> **Records supplied**:
· · ·

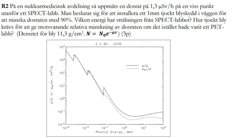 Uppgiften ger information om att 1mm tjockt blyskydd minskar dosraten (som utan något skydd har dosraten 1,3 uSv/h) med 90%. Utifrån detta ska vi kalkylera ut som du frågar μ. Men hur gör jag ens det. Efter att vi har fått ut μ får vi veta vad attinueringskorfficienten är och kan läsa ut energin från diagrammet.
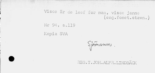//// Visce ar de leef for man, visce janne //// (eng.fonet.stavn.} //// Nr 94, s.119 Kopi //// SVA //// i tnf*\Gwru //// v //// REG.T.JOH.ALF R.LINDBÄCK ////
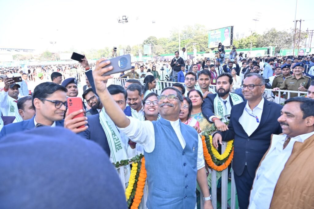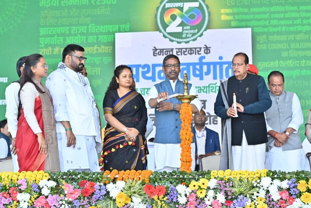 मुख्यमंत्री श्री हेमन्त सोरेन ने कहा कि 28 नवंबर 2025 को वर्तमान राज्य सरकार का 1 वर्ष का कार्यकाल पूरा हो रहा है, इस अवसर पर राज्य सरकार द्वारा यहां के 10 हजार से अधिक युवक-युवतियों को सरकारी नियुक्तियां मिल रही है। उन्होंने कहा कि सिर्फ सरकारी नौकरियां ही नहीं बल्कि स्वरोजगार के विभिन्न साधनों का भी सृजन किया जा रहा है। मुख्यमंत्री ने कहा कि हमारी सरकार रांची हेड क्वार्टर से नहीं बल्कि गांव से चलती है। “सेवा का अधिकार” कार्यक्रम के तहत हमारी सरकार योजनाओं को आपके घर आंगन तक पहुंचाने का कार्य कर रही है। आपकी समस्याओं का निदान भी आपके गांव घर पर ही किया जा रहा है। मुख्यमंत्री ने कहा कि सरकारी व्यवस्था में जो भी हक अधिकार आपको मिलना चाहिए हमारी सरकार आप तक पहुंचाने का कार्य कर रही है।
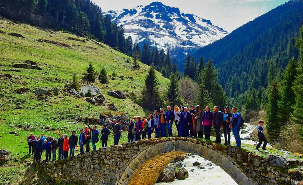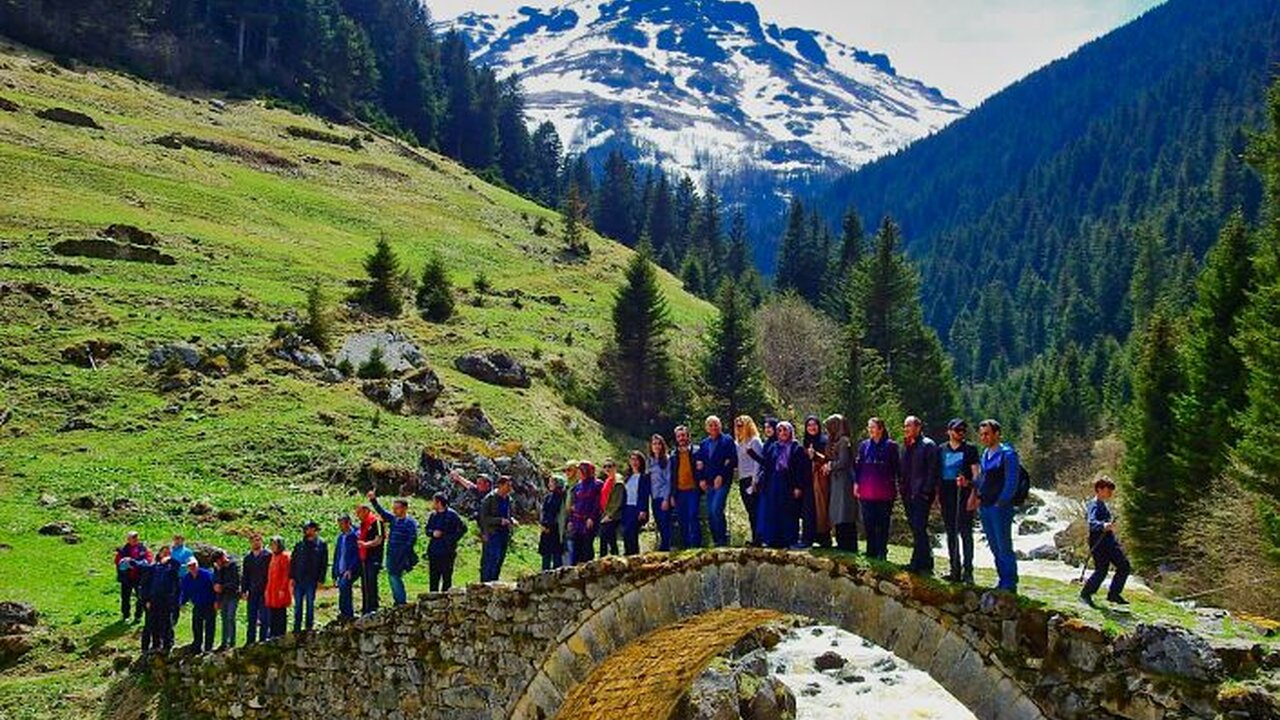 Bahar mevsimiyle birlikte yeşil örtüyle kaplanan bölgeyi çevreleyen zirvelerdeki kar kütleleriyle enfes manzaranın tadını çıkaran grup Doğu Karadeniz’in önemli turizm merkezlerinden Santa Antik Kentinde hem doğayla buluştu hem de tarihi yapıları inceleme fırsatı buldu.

· · ·

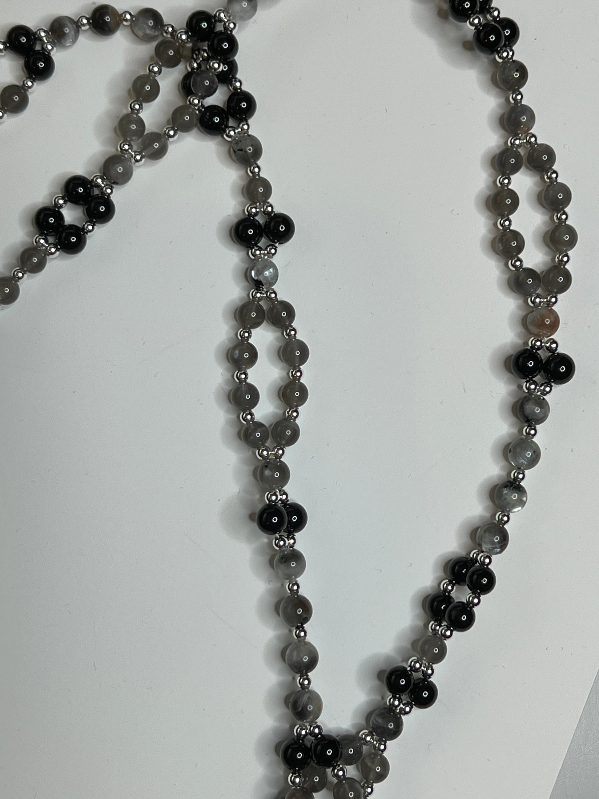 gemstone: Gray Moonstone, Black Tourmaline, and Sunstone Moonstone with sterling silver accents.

· · ·

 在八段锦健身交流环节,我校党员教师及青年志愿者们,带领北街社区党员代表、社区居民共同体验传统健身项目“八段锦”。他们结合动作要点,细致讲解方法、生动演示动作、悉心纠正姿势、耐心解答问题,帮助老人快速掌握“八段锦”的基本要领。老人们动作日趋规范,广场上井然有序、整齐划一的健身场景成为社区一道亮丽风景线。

· · ·

> **Exercise**:
Only the lines above from the one with "Uppgiften ger information" to the one with "REG.T.JOH.ALF R.LINDBÄCK ////" should be printed, both included and exactly as written; no picture belongs in the copy.

> **Exercise response**:
 Uppgiften ger information om att 1mm tjockt blyskydd minskar dosraten (som utan något skydd har dosraten 1,3 uSv/h) med 90%. Utifrån detta ska vi kalkylera ut som du frågar μ. Men hur gör jag ens det. Efter att vi har fått ut μ får vi veta vad attinueringskorfficienten är och kan läsa ut energin från diagrammet.
//// Visce ar de leef for man, visce janne //// (eng.fonet.stavn.} //// Nr 94, s.119 Kopi //// SVA //// i tnf*\Gwru //// v //// REG.T.JOH.ALF R.LINDBÄCK ////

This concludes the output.